Such impermanence also characterizes the most directly elegiac poem
of Meeting the British, ‘The Fox’. Woken ‘by the geese / on John Mackle’s
goose-farm,’ the speaker is moved to muse over the deceased father:
‘You lay / three fields away // in Collegelands / graveyard’ (P, p.166).
The direct address establishes the connection with the two but in
contrast to the conspicuously silent ‘The Wishbone’, where the son
ruefully keeps the father’s company on Christmas night, in ‘The Fox’,
the father speaks words at once dismissive and reassuring: ‘Go back to
bed. / It’s only yon dog-fox’ (p.166), which represent the only other
quotation from the father besides ‘The Mirror’. Like in ‘The Mirror’, ‘The
Fox’ too goes back to how distant the father and son were in life, as the
macabre image of his ‘face / above its bib / pumped full of
formaldehyde’ turns into a patronizing description of him ‘painstak-
ingly writing [his] name / with a carpenter’s pencil’ (p.166). The father
is both dead and seen as a barely literate child, a biographically
adequate description of Patrick Muldoon, who is remembered by his
son as being able to ‘read and write only with difficulty, needing help to
manage official documents and forms’.25 In this context, the deployment
of a four-syllable adverb to characterize how laborious the act of writing
is for the father sounds like a derisive stab at his shortcoming.
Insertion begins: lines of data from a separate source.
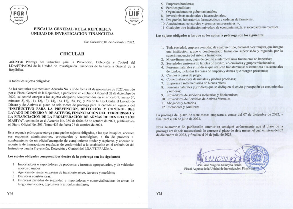 Ayer, y durante la mañana, circuló en redes sociales un supuesto comunicado de la UIF señalando la prórroga en sentido general, sin sujetos excluidos; sin embargo, este día se hizo de conocimiento por la propia UIF el memorándum oficial sobre la prórroga, en la que se incluyen doce sujetos obligados que fueron incluidos en la prórroga entre los que se encuentran los abogados, notarios, contadores y auditores.
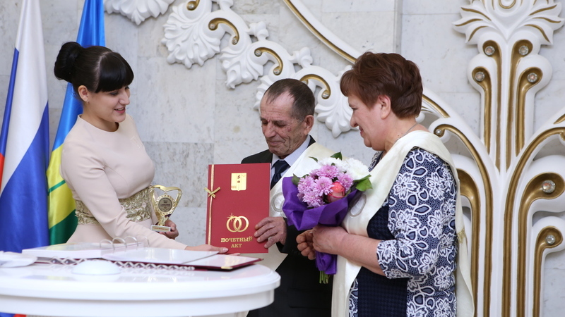 Specialists of Wedding palace have congratulated Dmitry Antonovich and Vera Ivanovna on a significant event, have wished good health, and happiness, have handed a greeting card from the Head of the Nizhnekamsk district, the mayor of Nizhnekamsk Aydar Raisovich Metshin, the Honourable act of the Registry Office and an anniversary medal. The names of spouses of Yanyo are included in the Book of Honour of the Nizhnekamsk Registry Office.
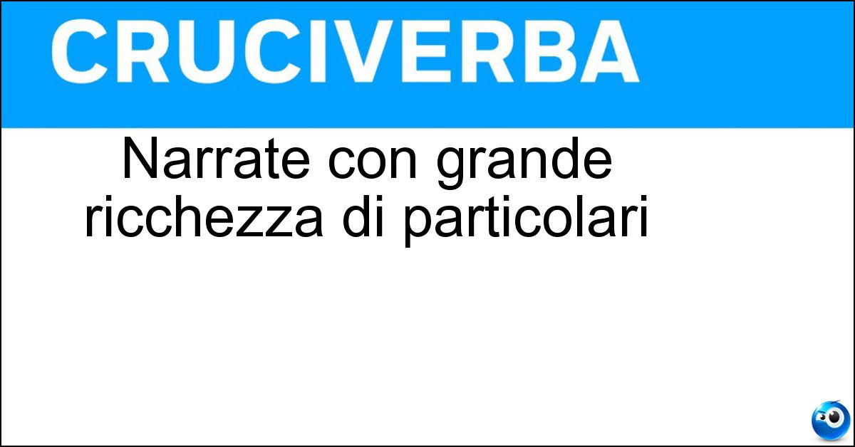 Nei cruciverba e nelle parole crociate, la definizione "Narrate con grande ricchezza di particolari" corrisponde a una soluzione formata da 11 lettere. È un quesito ricorrente nel mondo dell’enigmistica, presente con frequenza sia nelle griglie stampate sia nei giochi digitali dedicati agli appassionati.
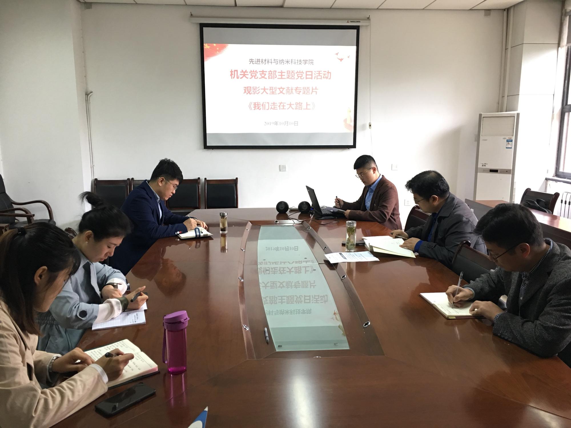 机关党支部在G119会议室开展了“我和我的祖国” 红色观影主题党日活动。活动中支部全体党员一起观看了大型文献专题片《我们走在大路上》第一集——新中国诞生,聆听历史回音,追寻红色记忆,接受红色洗礼。学院领导干部卢硕、程远、高宝铜以普通党员身份参加了本次主题党日活动,活动由支部组织委员赵秉正主持。
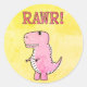 Cute And Angry Pink Cartoon T-Rex Old Paper Classic Round Sticker
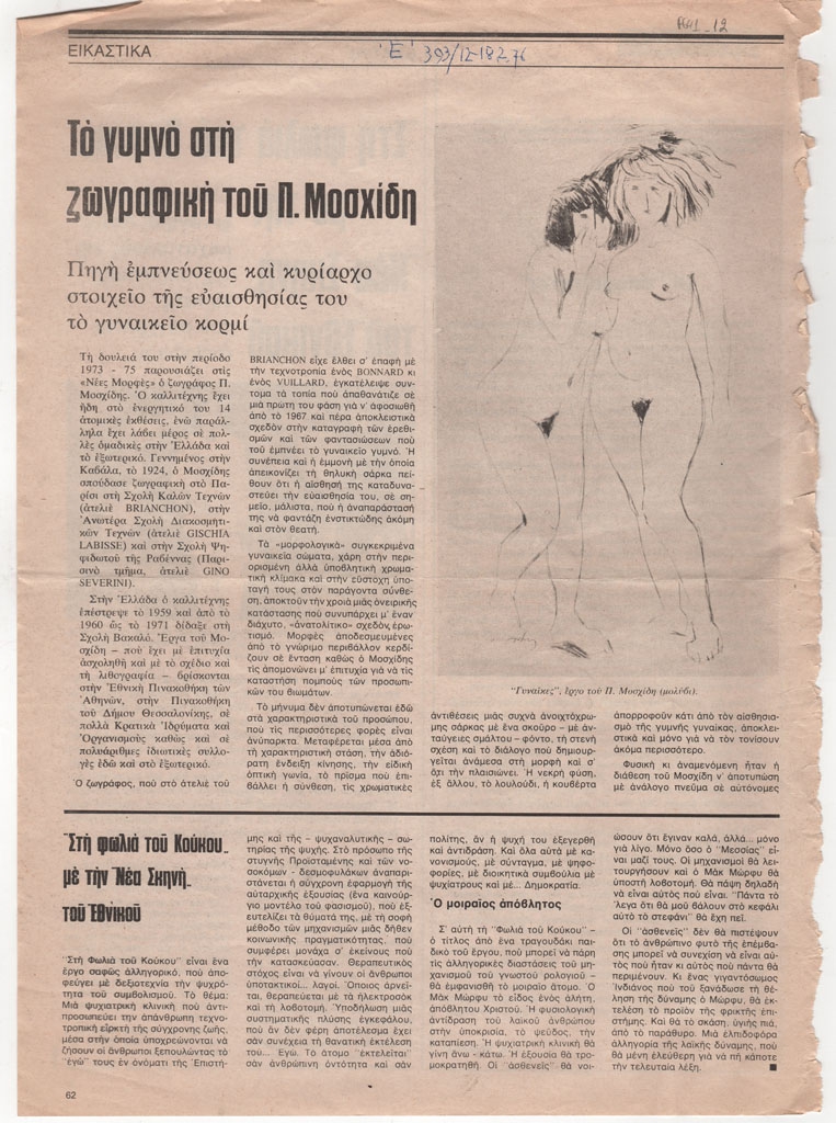 «Το γυμνό στη ζωγραφική του Π. Μοσχίδη. Πηγή εμπνεύσεως και κυρίαρχο στοιχείο της ευαισθησίας του το γυναικείο κορμί»
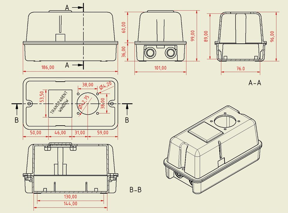 Boîtier plastique haute performance PS-14H14 avec fenêtre transparente IP42 pour compteurs électriques et dispositifs de mesure, prise SCHUKO
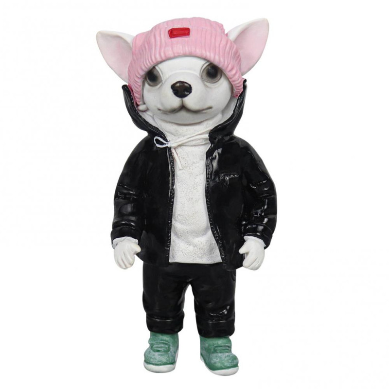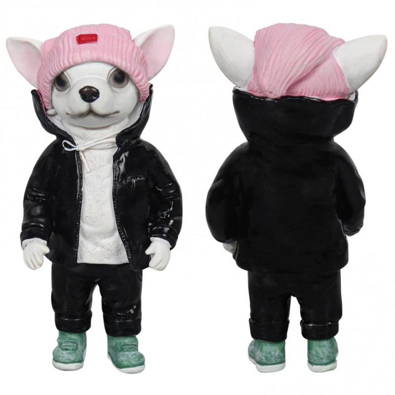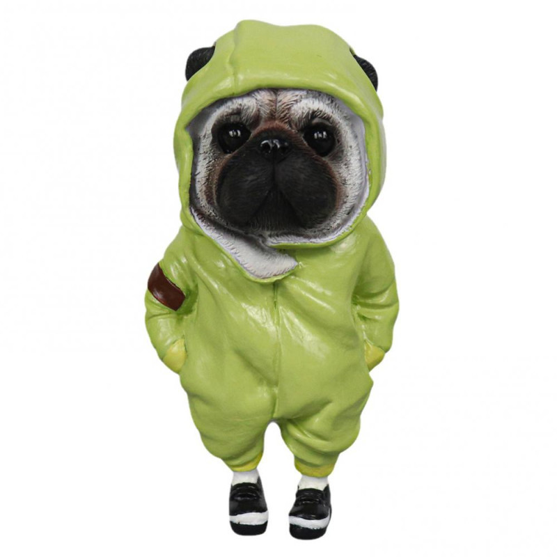 Stylish Outfits: Each dog statue showcases a diverse wardrobe, from a trendy black hoodie to a cozy green onesie, offering versatile styling options for any decor theme.
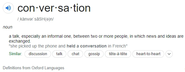 In the English dictionary, the definition of “conversation” doesn’t quite cover it…
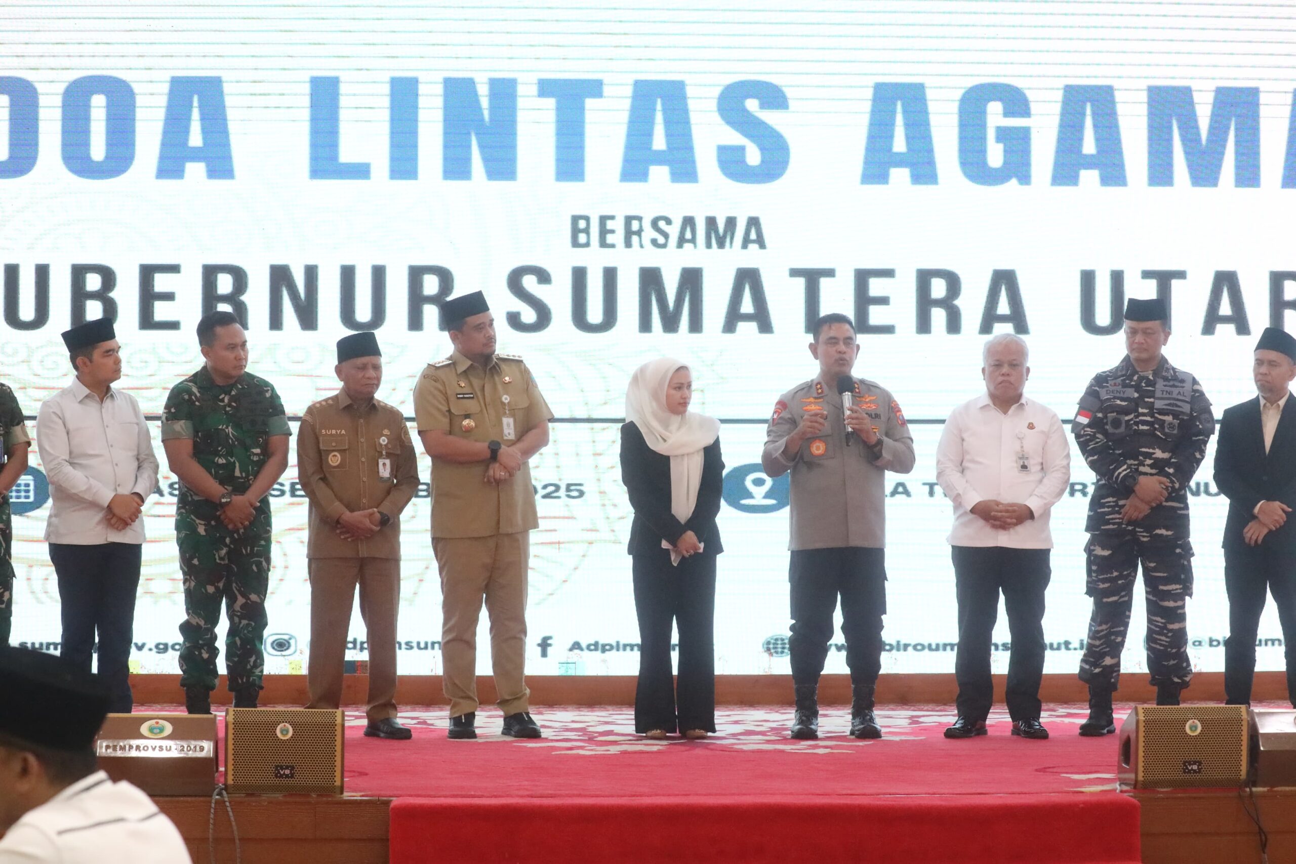 Kapolda Sumatera Utara Irjen Pol Whisnu Hermawan Februanto menegaskan komitmennya untuk terus menjaga keamanan dan ketertiban masyarakat, khususnya dalam momentum Doa Lintas Agama yang digelar bersama Gubernur Sumut Bobby Nasution, Forkopimda, serta elemen masyarakat di Aula Tengku Rizal Nurdin, Selasa (2/8).
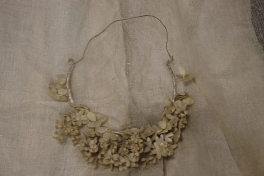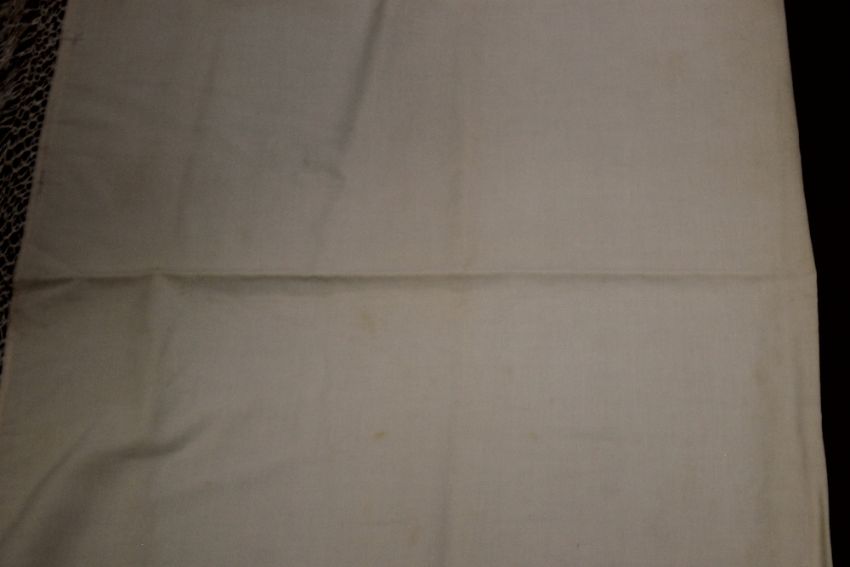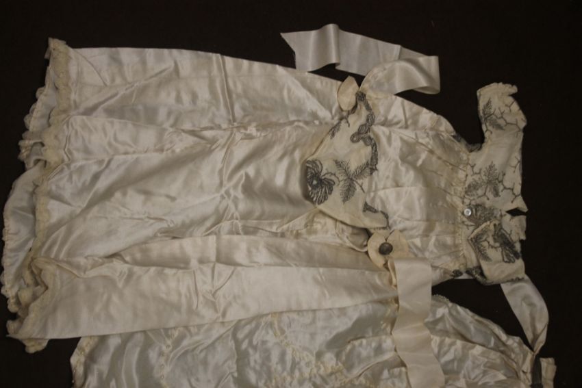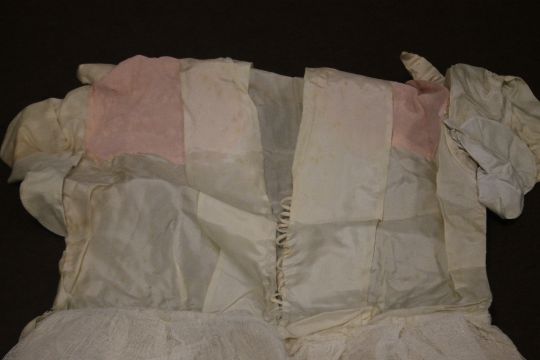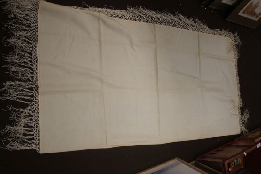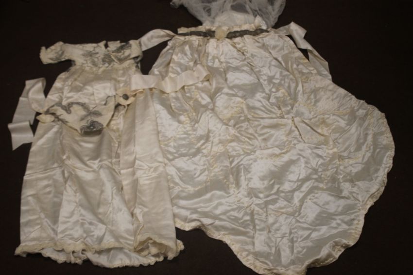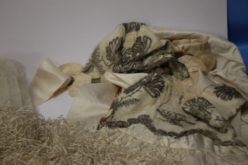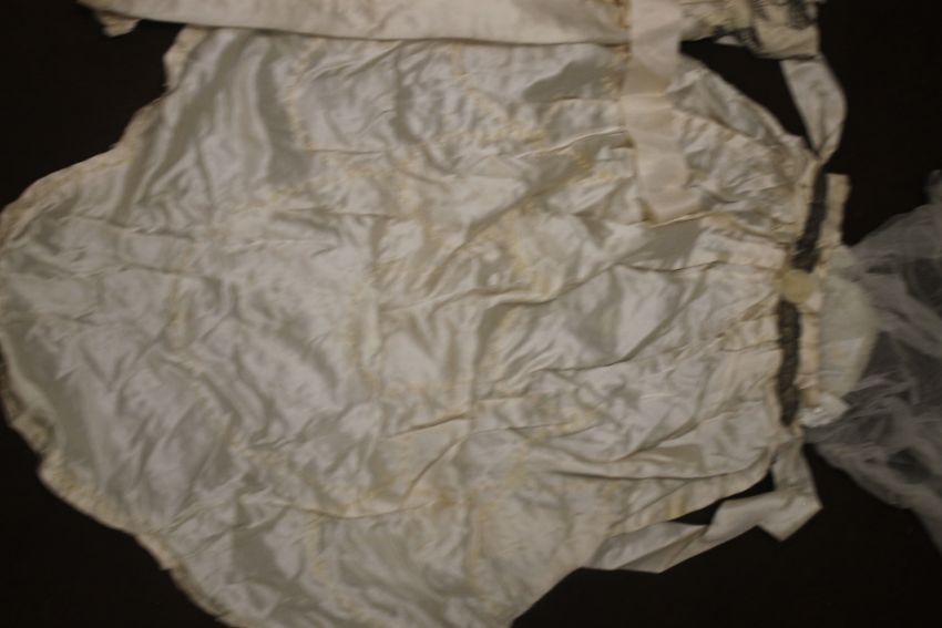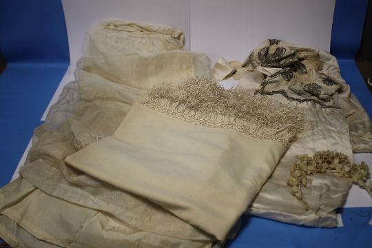 A VINTAGE WEDDING DRESS, A SHAWL, A HEAD BAND ETC Condition Report:  There is various yellow staining and some damage to the tiara
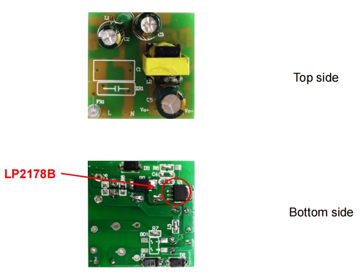 以下是LP2178B電源模塊的電路板實物圖,展示了其緊湊的布局和簡潔的設計:
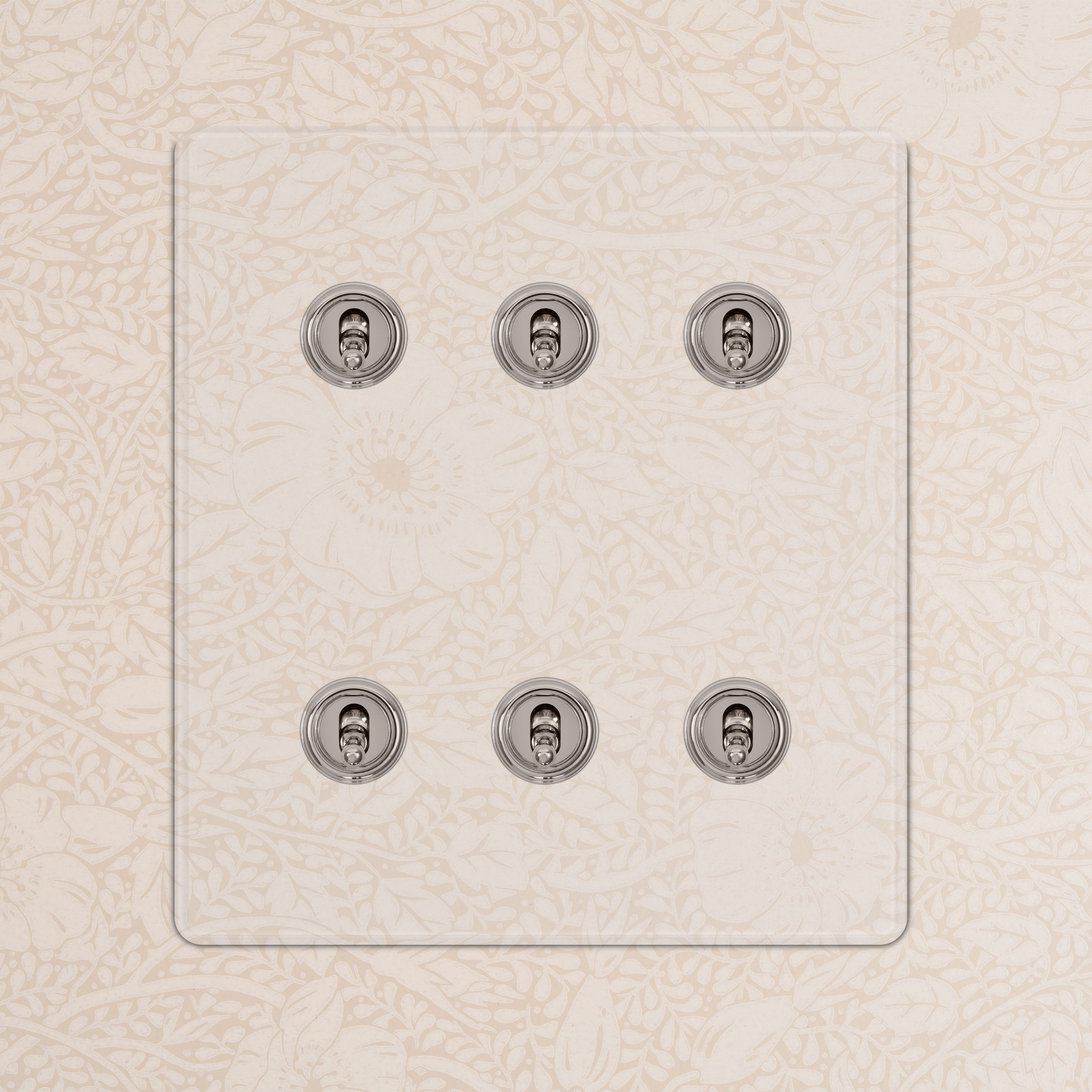 Our 6 gang two-way toggle switch is a modern take on the classic dolly design. We’ve crafted it to be as sleek and timeless as possible in any interior setting.

And yet,
the seemingly superior position of the poet is undermined in the last
lines, in which he is addressed as a child so frightened by the uproar on
the neighbouring farm that he cannot bring himself to say what he saw
after opening ‘the venetian blind’ (p.166). Despite the parallel between
them, the father here, as in ‘The Coney’, only manages to speak to the
son through the mediation of the conditional clause. Thus, the words,
quoted as a conclusion to the poet’s speculation announced by ‘as if’,
again relegate whatever affinity the two might enjoy to the sphere of the
hypothetical, which can only be explored in imagination.
The attempts in Meeting the British to call up a space where the father
and son could find some affinity are complemented in ‘Cauliflowers’.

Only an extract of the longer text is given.